What's wrong with letting the yellow mellow and flushin down the brown?

I already know what my corn looks like; I don't want to see yours!


----------



## jetmonkey

I pee outside.


----------



## toppick08

jetmonkey said:


> I pee outside.


----------



## kwillia

jetmonkey said:


> I pee outside.


He does... in cursive... I've read the short, yellow blurbs on the front lawn of his old townhouse...


----------



## MMDad

kwillia said:


> He does... in cursive... I've read the short, yellow blurbs on the front lawn of his old townhouse...



Short? That's not very nice of you to out him like that.


----------



## bcp

everything gets flushed.
 nothing worse than sitting down, dropping a big loaf and having the splashback up your butthole consist of the last persons pee.

 or,, am I sharing too much?


----------



## HeadCase

bcp said:


> everything gets flushed.
> nothing worse than sitting down, dropping a big loaf and having the splashback up your butthole consist of the last persons pee.
> 
> or,, am I sharing too much?



Guess it depends on what your into


----------



## Cowgirl

Has anyone used one of those composting toilets?  I've used them a few times.  Kinda creepy...I was scared something would come up and get me.


----------



## itsbob

Cowgirl said:


> Has anyone used one of those composting toilets?  I've used them a few times.  Kinda creepy...I was scared something would come up and get me.
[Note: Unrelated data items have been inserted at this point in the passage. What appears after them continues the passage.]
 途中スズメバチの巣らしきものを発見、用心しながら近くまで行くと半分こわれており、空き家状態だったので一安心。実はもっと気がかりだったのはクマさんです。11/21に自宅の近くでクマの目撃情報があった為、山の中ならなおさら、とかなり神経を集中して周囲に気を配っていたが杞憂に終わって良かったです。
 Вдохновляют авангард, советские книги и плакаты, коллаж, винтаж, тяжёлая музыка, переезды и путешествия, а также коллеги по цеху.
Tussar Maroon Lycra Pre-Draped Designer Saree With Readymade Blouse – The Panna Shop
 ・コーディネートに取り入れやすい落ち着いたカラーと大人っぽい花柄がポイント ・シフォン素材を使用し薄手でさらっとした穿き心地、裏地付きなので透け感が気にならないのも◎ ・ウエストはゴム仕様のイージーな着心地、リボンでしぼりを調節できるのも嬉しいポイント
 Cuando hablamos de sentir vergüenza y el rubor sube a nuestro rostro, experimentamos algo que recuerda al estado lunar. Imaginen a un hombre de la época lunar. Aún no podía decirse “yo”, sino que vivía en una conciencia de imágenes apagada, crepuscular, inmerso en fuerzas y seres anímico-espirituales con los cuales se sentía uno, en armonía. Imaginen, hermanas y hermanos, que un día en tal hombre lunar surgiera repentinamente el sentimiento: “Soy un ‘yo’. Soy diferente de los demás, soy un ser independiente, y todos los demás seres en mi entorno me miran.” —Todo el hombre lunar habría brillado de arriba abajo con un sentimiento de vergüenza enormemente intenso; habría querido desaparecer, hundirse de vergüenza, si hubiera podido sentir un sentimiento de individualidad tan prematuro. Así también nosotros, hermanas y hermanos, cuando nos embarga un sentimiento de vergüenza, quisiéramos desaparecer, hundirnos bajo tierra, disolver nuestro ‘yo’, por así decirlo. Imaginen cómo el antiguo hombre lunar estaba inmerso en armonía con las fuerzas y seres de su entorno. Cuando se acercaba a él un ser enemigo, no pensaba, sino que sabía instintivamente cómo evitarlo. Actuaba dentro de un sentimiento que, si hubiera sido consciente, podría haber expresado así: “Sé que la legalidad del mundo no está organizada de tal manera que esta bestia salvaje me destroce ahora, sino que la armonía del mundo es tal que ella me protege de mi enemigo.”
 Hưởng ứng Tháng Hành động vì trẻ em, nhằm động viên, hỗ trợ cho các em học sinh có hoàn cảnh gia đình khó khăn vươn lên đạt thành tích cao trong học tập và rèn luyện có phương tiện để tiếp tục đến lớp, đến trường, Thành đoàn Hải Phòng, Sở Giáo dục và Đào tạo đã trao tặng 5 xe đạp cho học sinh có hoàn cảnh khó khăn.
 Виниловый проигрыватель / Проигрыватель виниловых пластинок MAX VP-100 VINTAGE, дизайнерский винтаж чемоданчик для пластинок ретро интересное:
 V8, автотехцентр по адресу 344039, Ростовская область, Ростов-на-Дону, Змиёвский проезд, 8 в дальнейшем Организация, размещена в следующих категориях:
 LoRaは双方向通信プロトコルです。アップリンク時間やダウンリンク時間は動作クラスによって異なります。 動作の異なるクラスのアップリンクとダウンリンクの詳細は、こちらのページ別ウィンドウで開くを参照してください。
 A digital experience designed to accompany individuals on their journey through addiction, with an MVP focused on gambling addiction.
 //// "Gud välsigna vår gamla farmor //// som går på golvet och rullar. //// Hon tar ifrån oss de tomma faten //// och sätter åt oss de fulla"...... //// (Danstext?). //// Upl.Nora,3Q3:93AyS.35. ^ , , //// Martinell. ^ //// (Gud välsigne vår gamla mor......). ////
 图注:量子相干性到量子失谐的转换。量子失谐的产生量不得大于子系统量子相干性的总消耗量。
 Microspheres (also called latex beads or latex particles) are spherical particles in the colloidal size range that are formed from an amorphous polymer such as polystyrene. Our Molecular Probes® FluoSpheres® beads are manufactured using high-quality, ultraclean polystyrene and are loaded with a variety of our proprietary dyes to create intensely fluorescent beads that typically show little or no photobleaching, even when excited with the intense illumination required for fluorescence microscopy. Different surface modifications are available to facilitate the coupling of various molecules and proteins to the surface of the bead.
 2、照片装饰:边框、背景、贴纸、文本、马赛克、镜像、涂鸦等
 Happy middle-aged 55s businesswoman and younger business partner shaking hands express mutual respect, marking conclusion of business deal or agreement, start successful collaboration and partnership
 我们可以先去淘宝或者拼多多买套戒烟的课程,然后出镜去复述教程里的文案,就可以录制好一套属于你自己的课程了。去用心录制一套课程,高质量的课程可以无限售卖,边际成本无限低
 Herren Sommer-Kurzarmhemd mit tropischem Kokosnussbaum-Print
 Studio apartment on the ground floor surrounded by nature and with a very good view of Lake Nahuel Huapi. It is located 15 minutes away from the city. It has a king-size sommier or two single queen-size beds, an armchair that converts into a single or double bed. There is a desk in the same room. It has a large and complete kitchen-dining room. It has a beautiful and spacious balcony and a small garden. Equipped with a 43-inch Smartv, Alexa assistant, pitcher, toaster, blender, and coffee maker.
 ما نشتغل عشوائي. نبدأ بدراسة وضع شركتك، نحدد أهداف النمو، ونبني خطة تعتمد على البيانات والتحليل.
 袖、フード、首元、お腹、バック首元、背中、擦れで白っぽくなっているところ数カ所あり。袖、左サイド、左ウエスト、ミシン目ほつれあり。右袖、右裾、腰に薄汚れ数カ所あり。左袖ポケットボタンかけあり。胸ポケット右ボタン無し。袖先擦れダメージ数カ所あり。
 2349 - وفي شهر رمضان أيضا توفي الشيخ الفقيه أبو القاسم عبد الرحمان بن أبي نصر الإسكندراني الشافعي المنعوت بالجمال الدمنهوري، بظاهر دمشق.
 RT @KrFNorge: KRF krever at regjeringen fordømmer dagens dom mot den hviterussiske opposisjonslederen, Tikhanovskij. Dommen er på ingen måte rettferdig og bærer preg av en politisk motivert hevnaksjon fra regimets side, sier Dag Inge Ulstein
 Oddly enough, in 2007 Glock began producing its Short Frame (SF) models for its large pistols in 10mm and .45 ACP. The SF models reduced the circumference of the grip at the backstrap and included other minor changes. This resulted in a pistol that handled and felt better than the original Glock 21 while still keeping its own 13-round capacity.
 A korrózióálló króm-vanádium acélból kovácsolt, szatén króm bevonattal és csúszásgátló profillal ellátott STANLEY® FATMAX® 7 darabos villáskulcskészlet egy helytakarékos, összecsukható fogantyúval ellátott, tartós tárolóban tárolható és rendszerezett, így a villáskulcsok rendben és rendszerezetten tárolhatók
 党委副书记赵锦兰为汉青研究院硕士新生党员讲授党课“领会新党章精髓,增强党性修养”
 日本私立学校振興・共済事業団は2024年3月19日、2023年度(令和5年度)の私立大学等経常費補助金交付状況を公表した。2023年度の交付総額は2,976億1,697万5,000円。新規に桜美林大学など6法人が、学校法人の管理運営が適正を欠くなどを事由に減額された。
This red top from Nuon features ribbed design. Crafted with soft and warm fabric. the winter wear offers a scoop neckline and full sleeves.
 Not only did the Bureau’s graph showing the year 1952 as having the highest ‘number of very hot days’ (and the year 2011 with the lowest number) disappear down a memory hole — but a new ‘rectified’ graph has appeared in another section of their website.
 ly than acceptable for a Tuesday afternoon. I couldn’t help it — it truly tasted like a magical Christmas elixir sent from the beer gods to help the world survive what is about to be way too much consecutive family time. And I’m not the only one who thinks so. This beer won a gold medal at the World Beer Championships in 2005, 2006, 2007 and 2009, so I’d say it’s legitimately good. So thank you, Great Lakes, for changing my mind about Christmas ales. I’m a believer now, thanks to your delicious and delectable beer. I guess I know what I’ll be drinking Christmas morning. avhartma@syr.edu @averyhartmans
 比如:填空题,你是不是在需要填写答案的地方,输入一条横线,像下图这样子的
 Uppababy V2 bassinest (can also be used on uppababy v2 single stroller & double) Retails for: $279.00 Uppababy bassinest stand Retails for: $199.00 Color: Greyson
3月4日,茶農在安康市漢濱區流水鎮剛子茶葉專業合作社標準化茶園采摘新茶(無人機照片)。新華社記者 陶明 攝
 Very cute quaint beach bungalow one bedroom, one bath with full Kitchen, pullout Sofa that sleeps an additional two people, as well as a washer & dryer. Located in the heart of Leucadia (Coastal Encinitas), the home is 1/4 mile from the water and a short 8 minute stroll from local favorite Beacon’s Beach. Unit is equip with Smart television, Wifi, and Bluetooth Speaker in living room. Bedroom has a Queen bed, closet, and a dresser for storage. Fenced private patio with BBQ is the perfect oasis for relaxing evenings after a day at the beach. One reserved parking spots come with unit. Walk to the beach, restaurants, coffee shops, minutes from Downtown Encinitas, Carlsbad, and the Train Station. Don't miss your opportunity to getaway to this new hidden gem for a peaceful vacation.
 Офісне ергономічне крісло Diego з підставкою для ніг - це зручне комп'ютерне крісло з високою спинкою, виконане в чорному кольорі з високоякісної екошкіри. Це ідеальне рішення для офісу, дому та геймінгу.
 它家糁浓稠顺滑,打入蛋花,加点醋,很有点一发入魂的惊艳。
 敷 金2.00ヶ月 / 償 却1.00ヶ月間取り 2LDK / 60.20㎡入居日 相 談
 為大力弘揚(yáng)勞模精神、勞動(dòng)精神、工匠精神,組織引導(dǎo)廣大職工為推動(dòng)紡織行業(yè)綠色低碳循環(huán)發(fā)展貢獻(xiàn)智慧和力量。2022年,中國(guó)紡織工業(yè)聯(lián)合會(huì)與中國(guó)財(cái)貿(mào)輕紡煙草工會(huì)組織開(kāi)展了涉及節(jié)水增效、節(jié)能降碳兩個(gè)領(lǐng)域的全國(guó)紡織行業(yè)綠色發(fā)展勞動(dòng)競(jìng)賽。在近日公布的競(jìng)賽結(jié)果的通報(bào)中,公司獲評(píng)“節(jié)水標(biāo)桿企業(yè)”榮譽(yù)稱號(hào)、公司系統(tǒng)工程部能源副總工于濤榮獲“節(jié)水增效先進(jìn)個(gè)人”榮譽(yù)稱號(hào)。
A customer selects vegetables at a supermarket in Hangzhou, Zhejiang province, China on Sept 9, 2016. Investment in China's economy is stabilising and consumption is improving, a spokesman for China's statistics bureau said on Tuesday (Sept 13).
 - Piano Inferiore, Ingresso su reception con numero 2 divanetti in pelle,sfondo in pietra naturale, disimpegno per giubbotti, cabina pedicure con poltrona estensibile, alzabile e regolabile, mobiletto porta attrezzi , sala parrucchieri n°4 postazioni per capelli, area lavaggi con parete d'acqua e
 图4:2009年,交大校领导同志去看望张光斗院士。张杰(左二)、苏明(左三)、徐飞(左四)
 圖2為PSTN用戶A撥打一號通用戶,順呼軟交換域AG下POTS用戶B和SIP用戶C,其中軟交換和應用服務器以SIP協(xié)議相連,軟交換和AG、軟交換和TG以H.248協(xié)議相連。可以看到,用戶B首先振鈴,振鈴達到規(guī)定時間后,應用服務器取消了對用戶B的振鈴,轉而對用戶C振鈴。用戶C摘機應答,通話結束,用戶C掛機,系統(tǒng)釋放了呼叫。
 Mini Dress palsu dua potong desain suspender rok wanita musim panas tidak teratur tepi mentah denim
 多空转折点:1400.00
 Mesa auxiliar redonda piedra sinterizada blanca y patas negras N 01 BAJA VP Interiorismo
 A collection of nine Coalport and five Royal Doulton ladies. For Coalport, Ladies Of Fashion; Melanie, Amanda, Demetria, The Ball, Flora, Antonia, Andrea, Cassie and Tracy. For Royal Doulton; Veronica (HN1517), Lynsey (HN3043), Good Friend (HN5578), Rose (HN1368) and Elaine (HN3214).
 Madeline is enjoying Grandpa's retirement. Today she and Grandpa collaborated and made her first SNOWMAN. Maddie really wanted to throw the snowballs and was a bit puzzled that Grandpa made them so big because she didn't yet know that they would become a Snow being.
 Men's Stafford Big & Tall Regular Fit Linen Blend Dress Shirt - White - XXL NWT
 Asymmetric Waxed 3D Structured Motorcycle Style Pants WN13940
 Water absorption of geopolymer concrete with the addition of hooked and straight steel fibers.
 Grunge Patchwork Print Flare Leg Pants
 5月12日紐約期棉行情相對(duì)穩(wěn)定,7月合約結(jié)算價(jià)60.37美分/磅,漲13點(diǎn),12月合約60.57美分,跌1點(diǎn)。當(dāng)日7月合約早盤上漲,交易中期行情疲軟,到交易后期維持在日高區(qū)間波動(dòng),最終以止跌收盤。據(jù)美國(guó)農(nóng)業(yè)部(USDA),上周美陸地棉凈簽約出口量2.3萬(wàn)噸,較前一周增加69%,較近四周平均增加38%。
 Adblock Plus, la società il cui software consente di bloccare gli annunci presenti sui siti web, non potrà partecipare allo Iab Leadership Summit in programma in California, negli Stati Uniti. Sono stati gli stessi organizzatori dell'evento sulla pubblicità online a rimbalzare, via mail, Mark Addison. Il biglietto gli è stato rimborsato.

We used to call them outhouses.


----------



## Cowgirl

itsbob said:


> We used to call them outhouses.



  They're different.


----------



## itsbob

Cowgirl said:


> They're different.



How so?

You take a dump.. 6 months later you empty said dumper, you age it, and use it as fertilizer.

How does the new one work?


----------



## Larry Gude

*I always...*

...said 'environmentalists' were anal retentive, but this is a bit much. Maybe they're just simply 'mentalists'?


----------



## HeadCase

Larry Gude said:


> ...said 'environmentalists' were anal retentive, but this is a bit much. Maybe they're just simply 'mentalists'?



Not all of us are extreme.  I personally grew up with a well and septic system that we needed to think about how much water we used (especially during dry months) and what we flushed including detergents and this was back in the 70s.

It has nothing to do with being a "mentalist".  Environmentalists come in all forms; from those who recycle to those that don't litter and those who use solar energy...none of these are "mental".

I'm very sorry if you think I'm "mental" because I do or don't flush my toilet but I think those who WASTE our earths natural resources are mental.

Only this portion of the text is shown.